В воскресенье дом мой был полон с утра: французские, польские рефюжье[85], немцы, итальянцы, даже английские знакомые приходили, уходили с сияющим лицом, день был ясный, теплый, после обеда мы вышли в сад. На берегу Темзы играли мальчишки, я подозвал их к решетке и, сказав им, что мы празднуем смерть их и нашего врага, бросил им на пиво и конфеты целую горсть мелкого серебра. «Уре! Уре! – кричали мальчишки. – Impernikel is dead! Impernikel is dead!»[86] Гости стали им тоже бросать сикспенсы и трипенсы, мальчишки принесли элю, пирогов, кексов, привели шарманку и принялись плясать. После этого, пока я жил в Твикнеме, мальчишки всякий раз, когда встречали меня на улице, снимали шапку и кричали: «Impernikel is dead! Уре!»

Смерть Николая удесятерила надежды и силы. Я тотчас написал напечатанное потом письмо к императору Александру и решился издавать «Полярную звезду». «“Да здравствует разум!” – невольно сорвалось с языка в начале программы. – Полярная звезда скрылась за тучами николаевского царствования. Николай прошел, и “Полярная звезда” явится снова в день нашей Великой пятницы, в тот день, в который пять виселиц сделались для нас пятью распятиями». Начало царствования Александра II было светлой полосой.

Вся Россия легче вздохнула, приподняла голову и, будь воля, прокричала бы от всей души с твикнемскими мальчишками: «Impernikel is dead! Hourray!»

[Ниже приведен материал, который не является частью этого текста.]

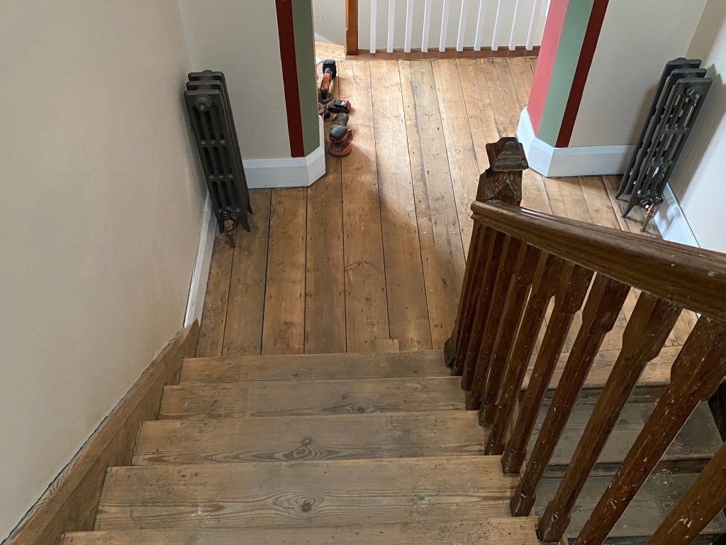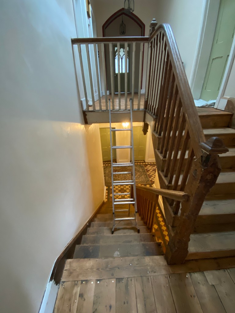 - The banister has has the majority of paint removed, still work in progress.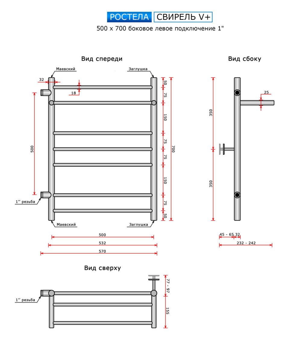 Полотенцесушитель Ростела Свирель V+ (бок.подв. левый,1"рез) 500*700/8

Под влиянием весенней оттепели и на наш станок в Лондоне взглянули ласковее. Наконец-то нас заметили. «Полярная звезда» требовалась десятками экземпляров, а в России ее продавали по баснословным ценам от 15 до 20 руб. с<еребром>. Знамя «Полярной звезды», требования, поставленные ею, совпадали с желанием всего народа русского, оттого они и нашли сочувствие. И когда, обращаясь к только что воцарившемуся государю, я повторял ему: «Дайте свободу русскому слову, уму нашему тесно в цензурных колодках; дайте волю и землю крестьянам и смойте с нас позорное пятно крепостного состояния; дайте нам открытый суд и уничтожьте канцелярскую тайну судеб наших!» – когда я прибавлял к этим простым требованиям: «Торопитесь притом, чтоб спасти народ от крови!», я чувствовал, я знал, что это вовсе не мое личное мнение, а мысль, которая тогда носилась в русском воздухе и волновала каждый ум, каждое сердце; ум и сердце царя и крепостного крестьянина, молодого офицера, вышедшего из корпуса, и студента, какого бы он университета ни был. Как бы ни понимали вопрос и с какой бы стороны его ни брали, все видели, что петровское самодержавие совершило свои судьбы, что оно достигло предела, после которого надобно или правительству переродиться, или народу погибнуть. Если были исключения, то это только в корыстных кружках нажившихся негодяев или на сонных вершинах выжившего из ума барства.

Полпрограммы нашей исполнено самим государем. Но – русский в этом человек – он остановился на введении и изобрел переходное время, тормоз постепенности – и думал, что все сделано.

С той же откровенностью, с которой русский станок в Лондоне обращался в 1855 году к государю, обратился он спустя несколько лет к народу и говорил своим читателям: «Вы видите, правительство признало справедливость наших требований, но исполнить признанного не умеет, оно не может выбиться из рутинной колеи казарменного порядка и бюрократической формы. Оно дошло до конца своего разуменья и пятится, и дает в сторону, и само путается в каком-то прошнурованном и приведенном в канцелярский порядок хаосе… Оно теряет голову, делает жестокости, делает ошибки, явным образом боится… Страх, соединенный с властью, вызывает озлобленный отпор, – отпор без уваженья, без обдуманности. Отсюда один шаг до восстания.